A Professor of Food Science at the University of Cape Coast (UCC), Mrs Sarah Darkwa, has reiterated the importance of healthy diets, good exercise regime and stress management in the prevention and management of diabetes in individuals.
She also called for increased public education, family support and good health care services for persons living with the disease.
Speaking at her inaugural lecture at the Ghana Academy of Arts and Sciences (GAAS) in Accra, she said diabetes could be prevented by “being conscious of what we eat and how much we eat”.
Delving into the topic: “Blood Sugar — A Social and Scientific Discourse on its Impact on Our Health”, the Dean of the School of Graduate Studies (UCC) indicated that being diabetic “is not a death sentence”, and that the “right attitude and lifestyle,” could help persons with the disease “live normal lives and live longer”.
Due to the increasing rate of Type 2 diabetes in the country and its adverse effects, Prof Darkwa encouraged individuals to regularly check sugar levels and maintain healthy lifestyles.
“There are several people walking around who have diabetics, but do not know because, whether fortunately or unfortunately, they do not yet show the symptoms. So, the best way is to have yourself checked,” she stated.

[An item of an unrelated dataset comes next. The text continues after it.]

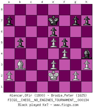 Last move : 0-1 2025 September 17 7:21:22 [Event "FICGS__CHESS__NO_ENGINES_TOURNAMENT__000134"] [Site "FICGS"] [Date "2024.12.29"] [Round "1"] [White "Alencar,Ofir"] [Black "Brodie,Peter"] [Result "0-1"] [WhiteElo "1800"] [BlackElo "1625"] 1.d4 d5 2.Nf3 Nf6 3.Ne5 e6 4.c3 Be7 5.e3 O-O 6.h3 Nc6 7.Bd3 Nxe5 8.dxe5 Nd7 9.f4 Nc5 10.Bc2 Bd7 11.b3 Bh4+ 12.Kf1 f5 13.Nd2 Bb5+ 14.c4 dxc4 15.Nxc4 Bxc4+ 16.bxc4 Qxd1+ 17.Bxd1 Rad8 18.Ba3 Ne4 19.Ke2 Nf2 20.Bxf8 Rxf8 21.Rf1 Ne4 22.Kf3 Nd2+ 23.Ke2 Nxf1 24.Kxf1 Rd8 25.Bf3 c6 26.Rd1 Rxd1+ 27.Bxd1 b5 28.cxb5 cxb5 29.Ke2 Kf8 30.Bb3 Ke7 31.Kf3 a5 0-1 This chess game has been lost on time (started : 2024.12.29 20:54:30) Follow this game move after move (download)When you see a good move, look for a better one. (Emanuel Lasker) Mutter, ich bin eben Ex-Weltmeister geworden. --beim nach Hause Kommen nach dem Verlust des WM-Titels an Mihail Botvinnik -- (Mikhail Nekhemyevich Tal) No puedes jugar al Ajedrez si eres de corazón noble. (Proverbio Francés) Roi des jeux et jeu des rois, les échecs portent en eux un sentiment d'infini. Ils donnent à celui qui s'est efforcé d'en approfondir les arcanes l'impression de n'être pas à la mesure de l'homme; en fait, ils constituent un résumé de l'univers, un microcosme, et figurent cette grande échelle qui, dans les plans de la lumière descend jusqu'à la matière, qui des abîmes insondables remonte jusqu'en l'infini de Dieu. (Pyrame) Have no fear of perfection - you'll never reach it. (Salvador Dali)
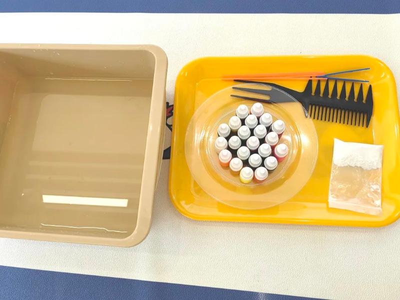1. 老師將畫粉與清水按比例混合,并將適量所得畫液倒入畫盆盆中,深度2厘米即可。

Highlighting the scientific and social perspectives on blood sugar, Prof Darkwa, also the Vice President of the Ghana Association for Food Scientists and Technologists, explained that foods and fruits had different levels of glucose and hence must be consumed in “moderation”.
Expressing concern over the incidence of diabetes, Prof Darkwa said people should stop being “judgmental or discriminatory” against persons with diabetes, and rather provide the needed support.
She noted that there were various causes of diabetes so it would be “unfair” to discriminate against individuals with the disease, adding that people with diabetes “are sensitive to language and do not want to be referred to as diabetic”.
The Food Scientist observed that people living with diabetes had limited options choosing from carbohydrate foods, but could now “eat everything in moderation,” especially some local foods which contain low levels of glucose.
“Diabetes could be life changing moment for those who get it, but once you manage the disease well, you can live a normal life for a long time.”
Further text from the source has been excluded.